◆ **Directions for this task**
Transcribe the entries below exactly, starting with the line that has "Uncover the perfect" and stopping after the line that has "美球迷:坎宁安不要再瞎投三分"; no pictures belong in the copy.

[[ Materials provided open ]]

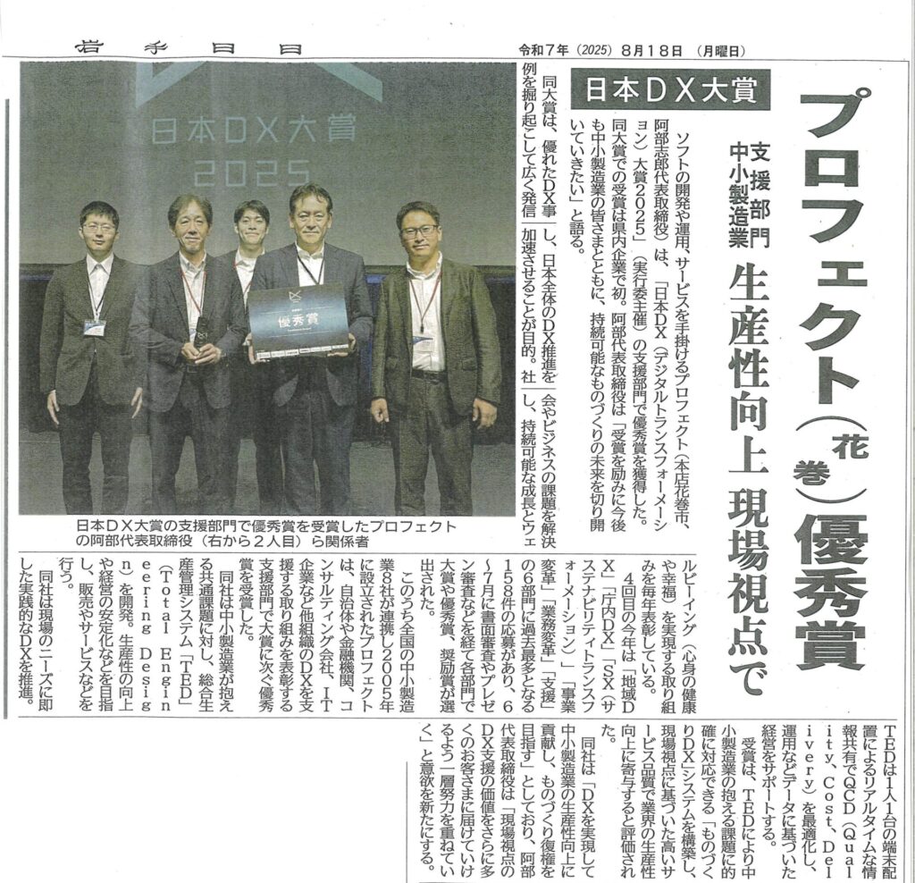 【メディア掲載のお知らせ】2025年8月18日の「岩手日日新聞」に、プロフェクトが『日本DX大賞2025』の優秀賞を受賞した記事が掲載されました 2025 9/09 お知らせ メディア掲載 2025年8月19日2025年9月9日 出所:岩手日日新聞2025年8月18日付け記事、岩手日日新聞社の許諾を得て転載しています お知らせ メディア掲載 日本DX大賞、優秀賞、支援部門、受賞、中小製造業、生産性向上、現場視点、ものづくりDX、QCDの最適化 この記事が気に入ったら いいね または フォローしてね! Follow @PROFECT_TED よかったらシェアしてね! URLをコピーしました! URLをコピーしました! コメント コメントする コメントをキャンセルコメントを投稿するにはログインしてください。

[[ Materials provided closed ]]
[[ Materials provided open ]]

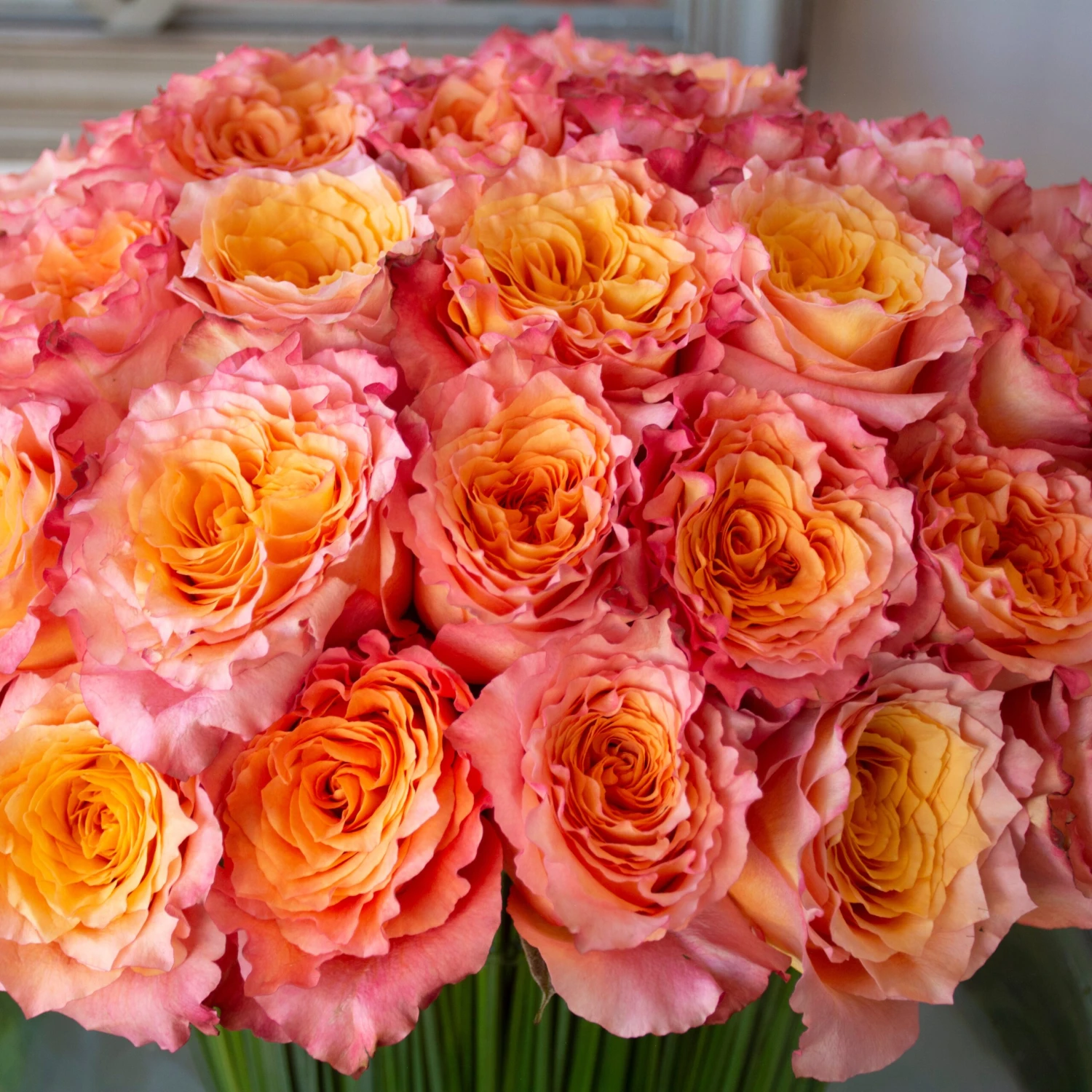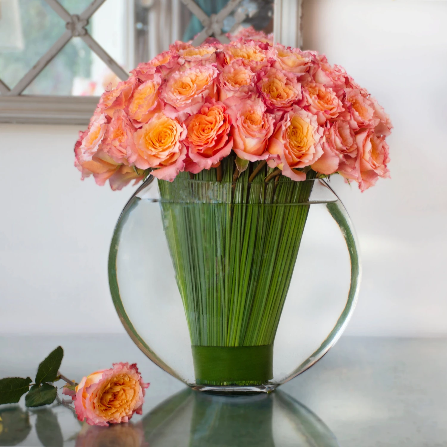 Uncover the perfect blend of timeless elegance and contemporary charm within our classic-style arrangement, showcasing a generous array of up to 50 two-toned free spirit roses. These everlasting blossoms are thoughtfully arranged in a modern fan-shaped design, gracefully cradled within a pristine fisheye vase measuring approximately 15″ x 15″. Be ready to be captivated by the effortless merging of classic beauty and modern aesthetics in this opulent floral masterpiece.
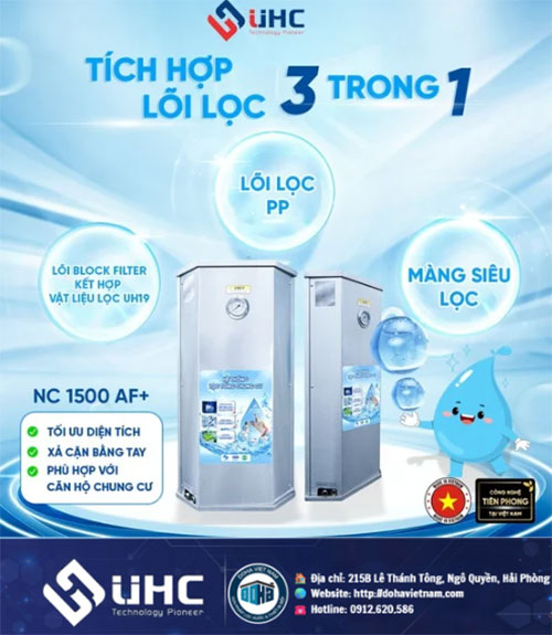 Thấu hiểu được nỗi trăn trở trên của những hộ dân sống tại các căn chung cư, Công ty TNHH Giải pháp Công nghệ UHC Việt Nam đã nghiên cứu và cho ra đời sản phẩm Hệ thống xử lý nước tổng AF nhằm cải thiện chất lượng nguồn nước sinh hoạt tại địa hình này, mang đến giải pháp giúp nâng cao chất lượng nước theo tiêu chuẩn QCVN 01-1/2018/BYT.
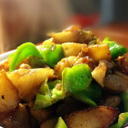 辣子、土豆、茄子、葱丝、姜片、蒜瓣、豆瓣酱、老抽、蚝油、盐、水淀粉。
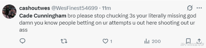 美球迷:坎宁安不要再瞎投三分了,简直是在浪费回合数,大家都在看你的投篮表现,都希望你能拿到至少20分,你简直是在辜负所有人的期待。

[[ Materials provided closed ]]

◆ **Written answer**
 Uncover the perfect blend of timeless elegance and contemporary charm within our classic-style arrangement, showcasing a generous array of up to 50 two-toned free spirit roses. These everlasting blossoms are thoughtfully arranged in a modern fan-shaped design, gracefully cradled within a pristine fisheye vase measuring approximately 15″ x 15″. Be ready to be captivated by the effortless merging of classic beauty and modern aesthetics in this opulent floral masterpiece.
 Thấu hiểu được nỗi trăn trở trên của những hộ dân sống tại các căn chung cư, Công ty TNHH Giải pháp Công nghệ UHC Việt Nam đã nghiên cứu và cho ra đời sản phẩm Hệ thống xử lý nước tổng AF nhằm cải thiện chất lượng nguồn nước sinh hoạt tại địa hình này, mang đến giải pháp giúp nâng cao chất lượng nước theo tiêu chuẩn QCVN 01-1/2018/BYT.
 辣子、土豆、茄子、葱丝、姜片、蒜瓣、豆瓣酱、老抽、蚝油、盐、水淀粉。
 美球迷:坎宁安不要再瞎投三分了,简直是在浪费回合数,大家都在看你的投篮表现,都希望你能拿到至少20分,你简直是在辜负所有人的期待。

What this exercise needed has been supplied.